Esta situação levou a Universidade e a Nova Petroquímica a buscar seu aproveitamento. O propeno foi escolhido por ser matéria-prima de muitas indústrias no país, ser produzida a partir de um resíduo “e não exigir cultivo em terras adicionais, competindo com os alimentos”, afirmou Bóscolo. Patenteado o produto, sua fase atual acontece em uma unidade-piloto da UFRJ e em seguida os testes serão em uma planta maior na Nova Petroquímica, antes de ser iniciada a produção em grande escala em 2013. A patente do propeno verde é inédita na Europa, que, entretanto, produz mais biodiesel que o Brasil há muito tempo, dispondo de muita glicerina, mas destinada a outros usos e produtos, explicou Bóscolo.

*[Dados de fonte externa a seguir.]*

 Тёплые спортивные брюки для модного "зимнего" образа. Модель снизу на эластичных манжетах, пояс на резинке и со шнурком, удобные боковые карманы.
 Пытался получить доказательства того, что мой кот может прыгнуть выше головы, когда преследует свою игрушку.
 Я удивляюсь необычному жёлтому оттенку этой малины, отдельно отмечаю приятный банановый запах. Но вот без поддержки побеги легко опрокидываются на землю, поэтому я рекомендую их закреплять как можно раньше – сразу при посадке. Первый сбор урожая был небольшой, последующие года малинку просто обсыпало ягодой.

A glicerina tinha um mercado restrito porque era considerada “um produto nobre” e de preço elevado, disse ao Terramérica o diretor da Empresa Brasileira de Bioenergia (EBB), Marcelo Parente. Porém, os excedentes do biodiesel mudam esse cenário. A industrialização exige um complexo processo de purificação, ao qual se dedica a EBB, que já obteve uma glicerina “pré-purificada”, que interessa a muitas indústrias porque reduz custos. É “um passo para a bidestilação” para atividades como a petroquímica, disse Parente, cujo pai, Expedito Parente, inventou o biodiesel há quase 30 anos e desenvolveu o bioquerosene, combustível para aviões a partir de óleos vegetais.

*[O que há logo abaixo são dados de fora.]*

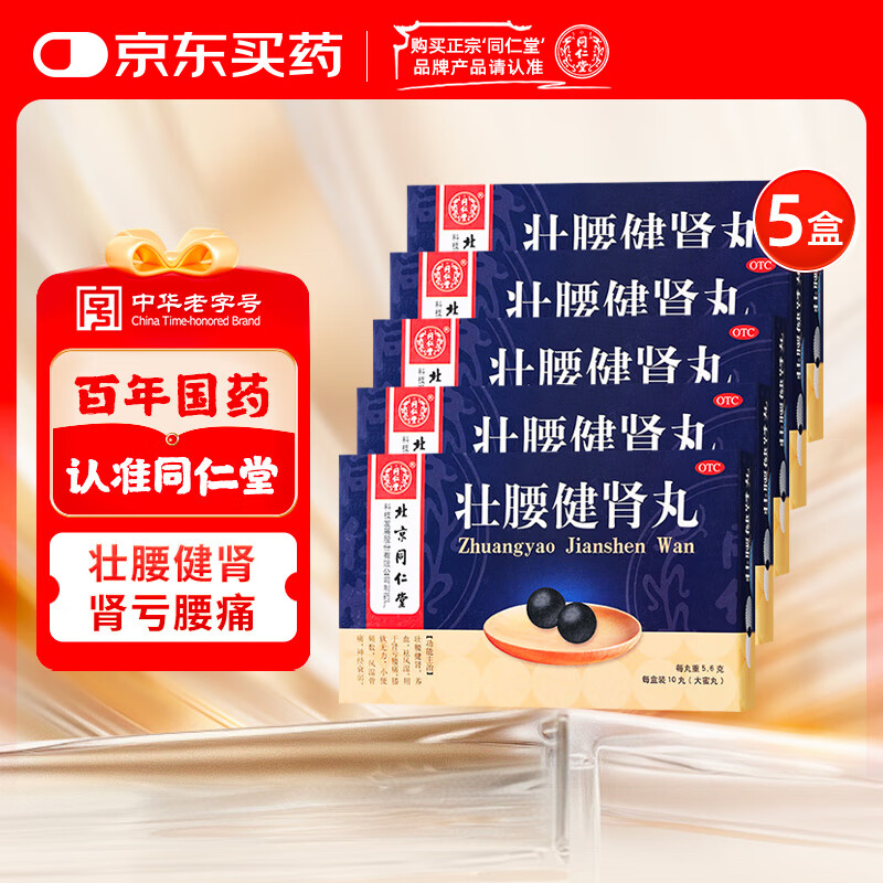 同仁堂(TRT)同仁堂 TRT 5盒装 壮腰健肾丸 5.6g*10丸 壮腰健肾 养血 祛风湿 肾亏腰痛 膝软无力 风湿骨痛 神经衰弱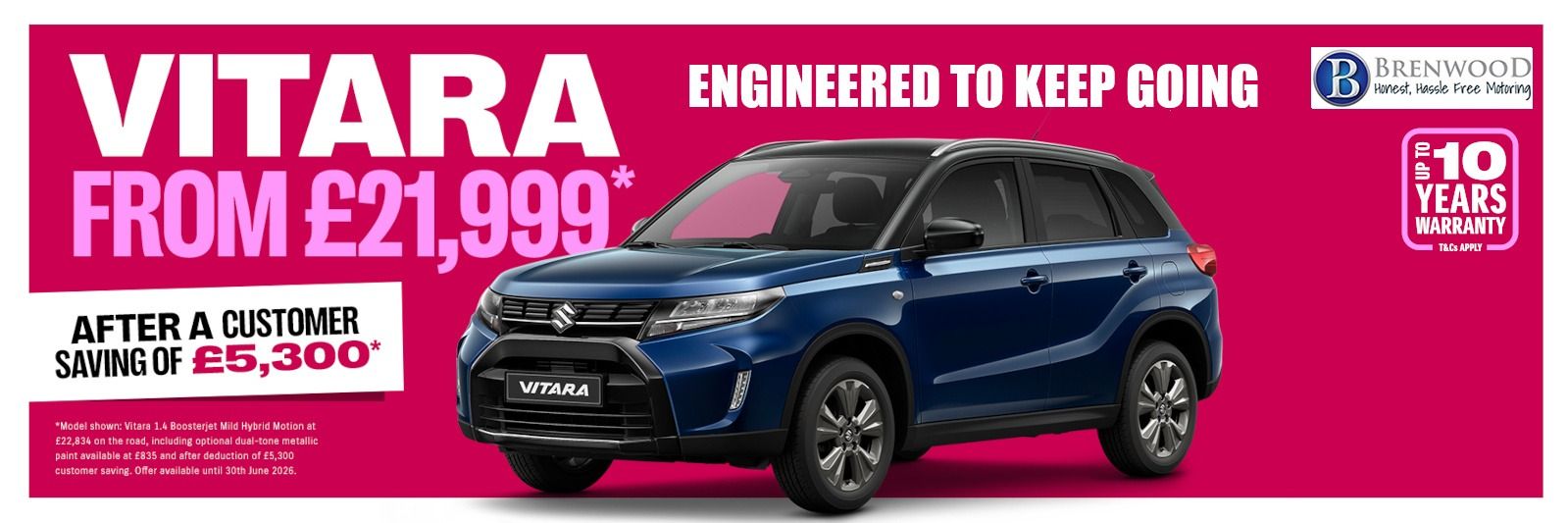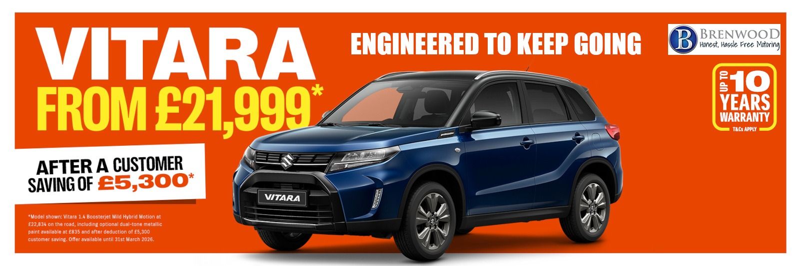 Whether you're commuting in the city, cruising the motorway, or heading off the beaten path, the Vitara delivers performance you can trust — with everyday practicality and modern technology built in.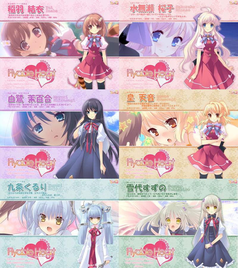 作品 :FlyableHeartキャラ:稲羽結衣、水無瀬桜子、白鷺茉百合、魔百合、皇天音、九条くるり、雪代すずのサイズ:WUXGA,UXGA,SXGAツール:Adobe Photoshop 7サイズ別(WUXGA,UXGA,SXGA)については以下参照結衣http://www.geocities.jp/seiya_saiga/flyableheart1.zip桜子http://www.geocities.jp/seiya_saiga/flyableheart2.zip茉百合http://www.geocities.jp/seiya_saiga/flyableheart3a.zip魔百合http://www.geocities.jp/seiya_saiga/flyableheart3b.zip天音http://www.geocities.jp/seiya_saiga/flyableheart4.zipくるりhttp://www.geocities.jp/seiya_saiga/flyableheart5.zipすずのhttp://www.geocities.jp/seiya_saiga/flyableheart6.zip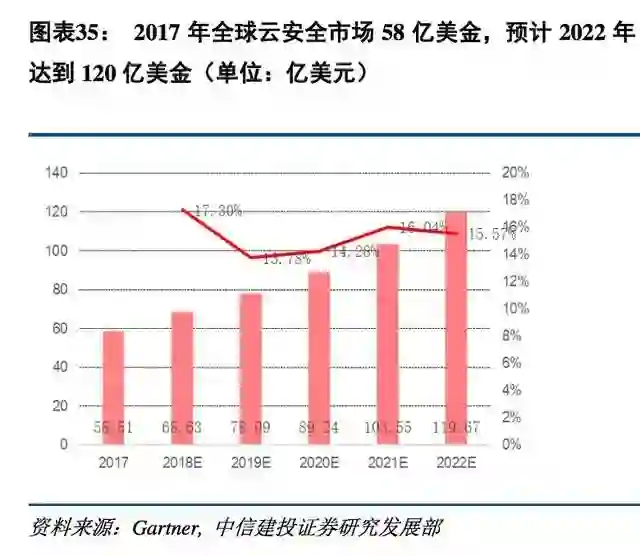 Gartner预测,2017年全球云安全市场规模达到58亿美金,同比增长21%,预计2020年全球云安全市场将达到90亿美金,年复合增长速15%,而中国云安全产品市场增长速度在2018年达到40%以上,增速显著高于全球。
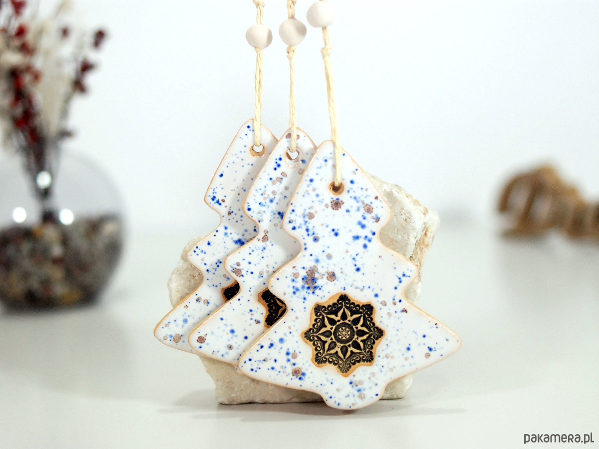 Zestaw zawiera 3 ręcznie robione i malowane ceramiczne choinki.

Os usos da glicerina se multiplicam. Nos pesticidas melhora a pulverização e também a eficiência, já que permite maior aderência à superfície das plantas, mantendo a atividade do produto, disse Parente. Uma montadora de veículos quer usá-la em seu sistemas antiaquecimento de motores, em substituição a um derivado do petróleo. Com o petróleo a mais de US$ 100 o barril de 159 litros, os substitutos renováveis dos hidrocarbonos se tornam competitivos, disse Mota, embora o combustível fóssil vá manter sua hegemonia por muitas décadas, devido ao grande aproveitamento que permite.
Por ora, já se justifica explorar inclusive as possibilidades energéticas da glicerina. Um de seus derivados oxigenados pode melhorar a octanagem da gasolina com uma mistura de 1% a 5% e reduzir as emissões do venenoso monóxido de carbono, destacou o pesquisador. Tantos produtos em desenvolvimento indicam que não serão repetidos os erros cometidos pelo Brasil, desde a década de 70, na adoção do etanol a partir da cana-de-açúcar como substituto da gasolina. A lentidão para aproveitar resíduos como a vinhaça e o bagaço provocou alguns desastres ambientais e dificuldades econômicas.

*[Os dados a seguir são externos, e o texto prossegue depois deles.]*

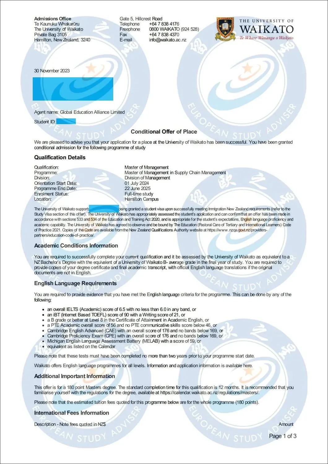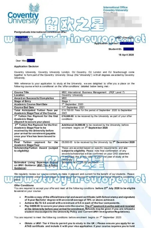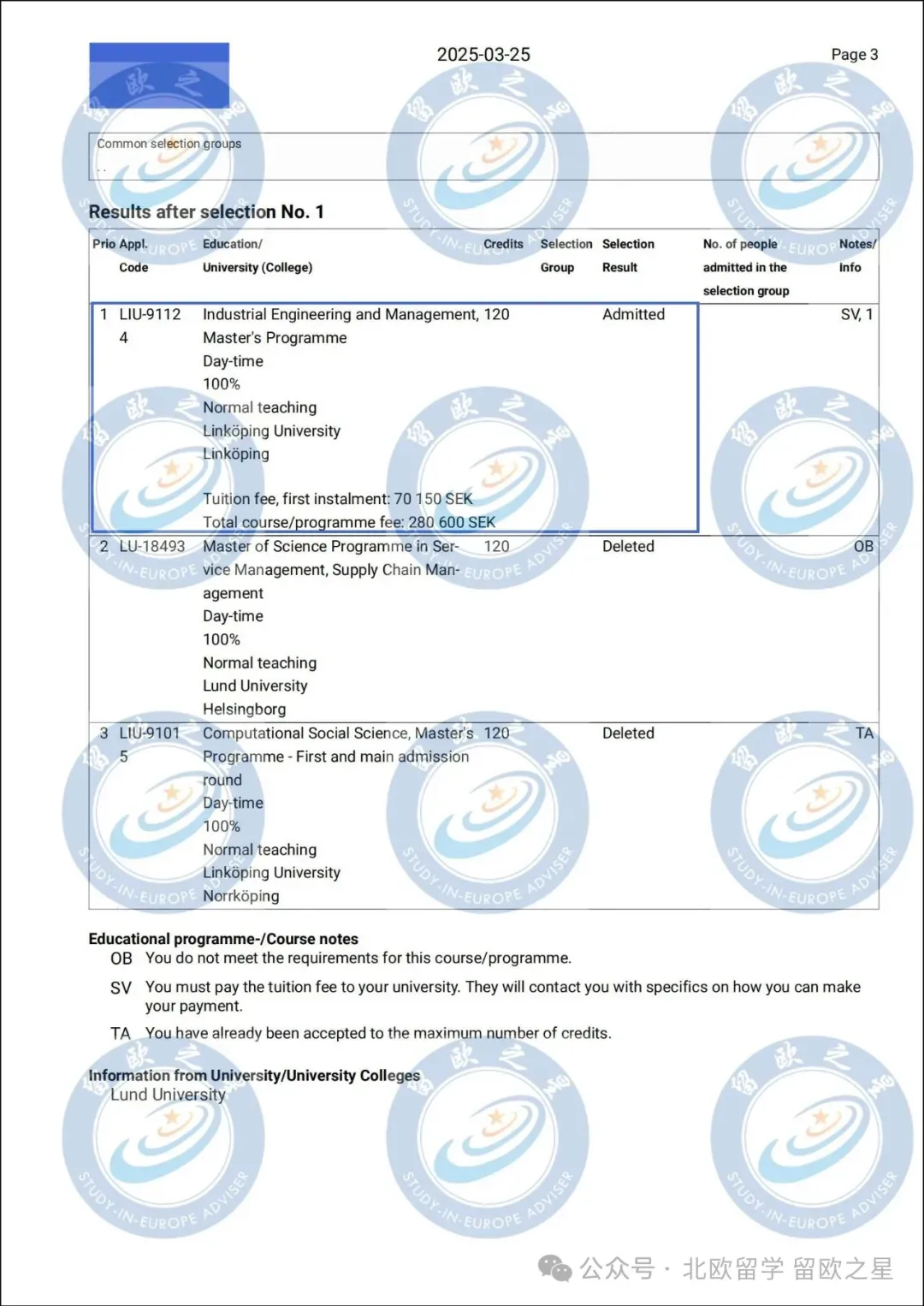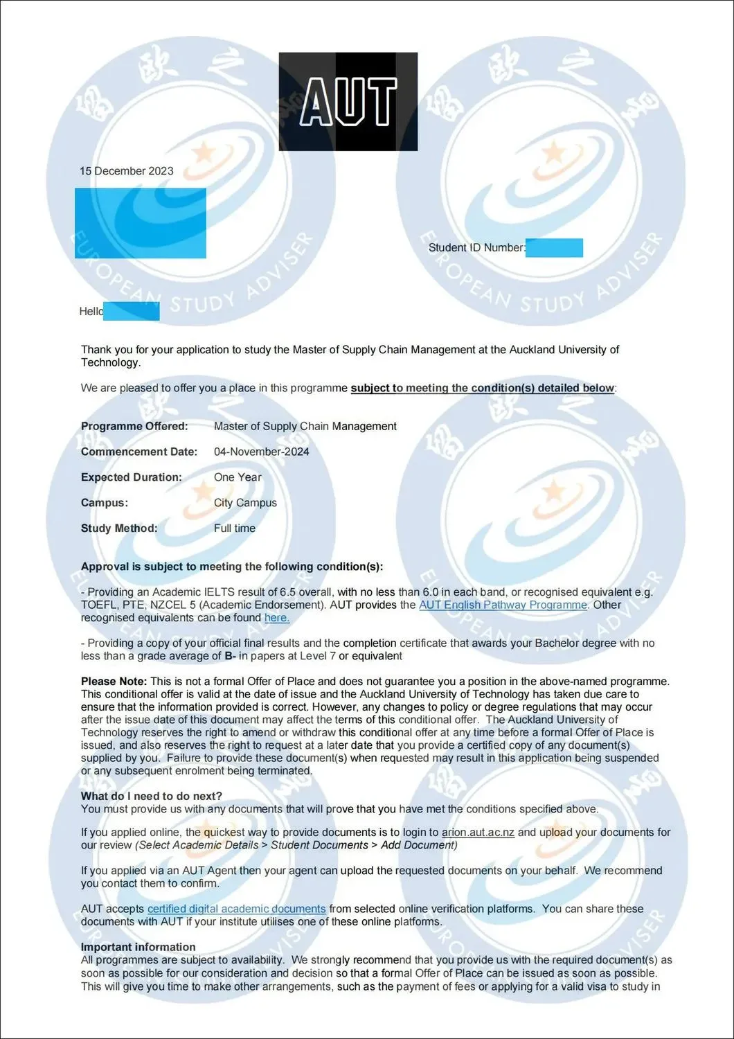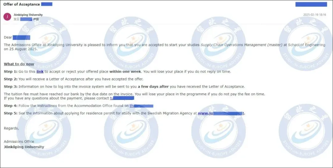 录取院校与专业:瑞典延雪平大学(供应链运营管理硕士)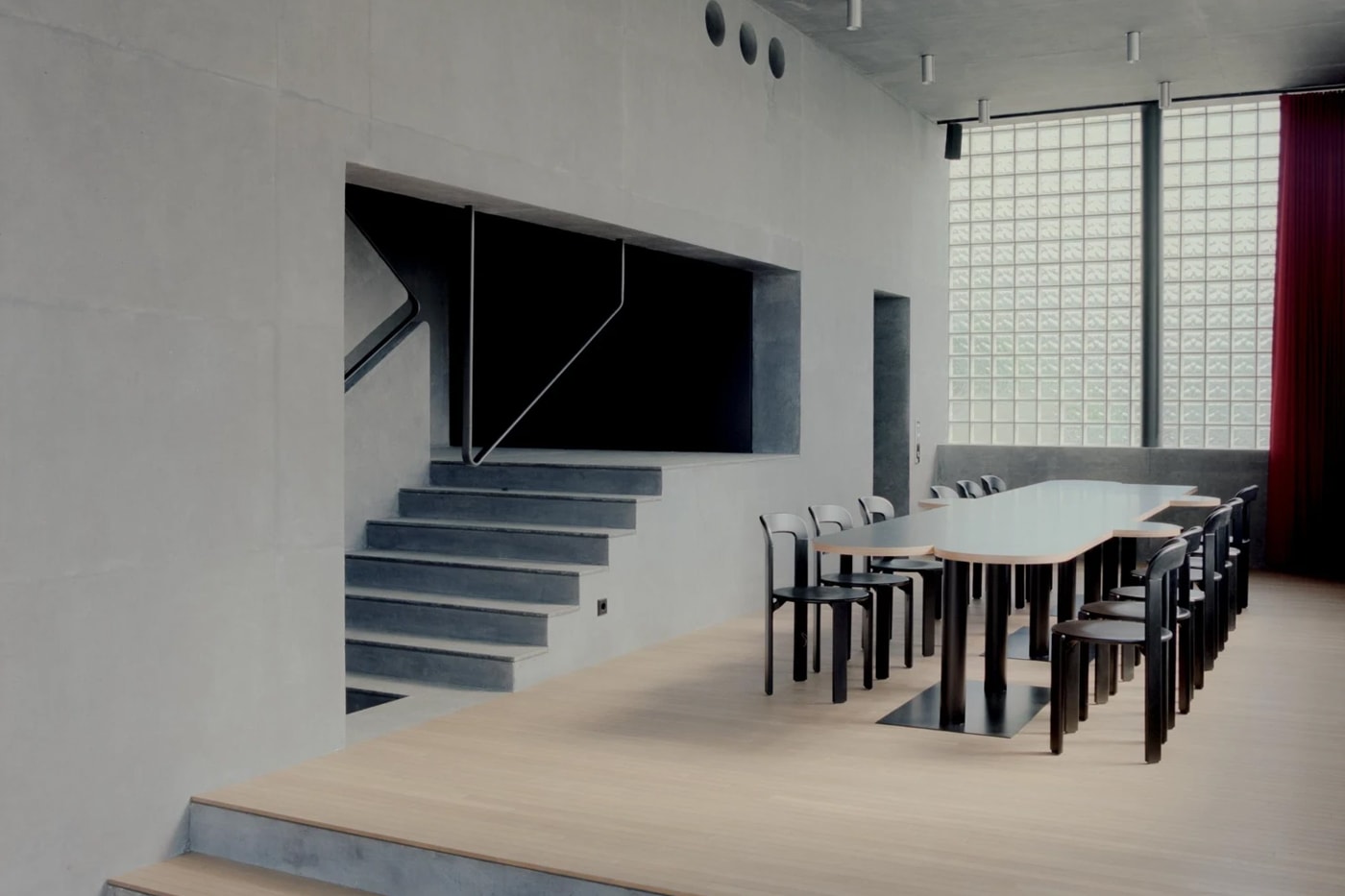 Внутреннее пространство разворачивается в несколько ярусов, адаптированных к крутизне участка. Мезонины соединены центральным вертикальным ядром, создавая кинематографическую последовательность потолков и пространств, где посетитель словно совершает путешествие через коллекции мужской и женской одежды. Асцетичная палитра материалов — бетон, сталь, камень, дерево — подчёркивает архитектуру, не отвлекая внимание от главного: одежды.

Os subprodutos, que Mota prefere chamar de “co-produtos”, podem ser importantes para consolidar o biodiesel e algumas oleaginosas como suas fontes principais. No momento, predomina no Brasil o uso de óleo de soja, apesar da baixa produtividade desse óleo. Sua vantagem é uma ampla estrutura de produção e comercialização, além da grande importância de sua casca, usada sobretudo como alimentação para o gado. Os obstáculos do rícino são seus resíduos contaminantes e a excessiva viscosidade de seu óleo, disse Mota. Além disso, há resistências culturais a plantá-lo em certas áreas do Nordeste, onde o governo estimula a pequena agricultura deste vegetal, disse Parente. O babaçu, palmeira abundante no Nordeste e na Amazônia oriental, tem a virtude de todas suas partes serem aproveitadas pela população local. O efeito social de sua escolha para produzir biodiesel também seria imenso, já que mais de 400 mil pessoas pobres sobrevivem fazendo artesanato a partir de seu coco.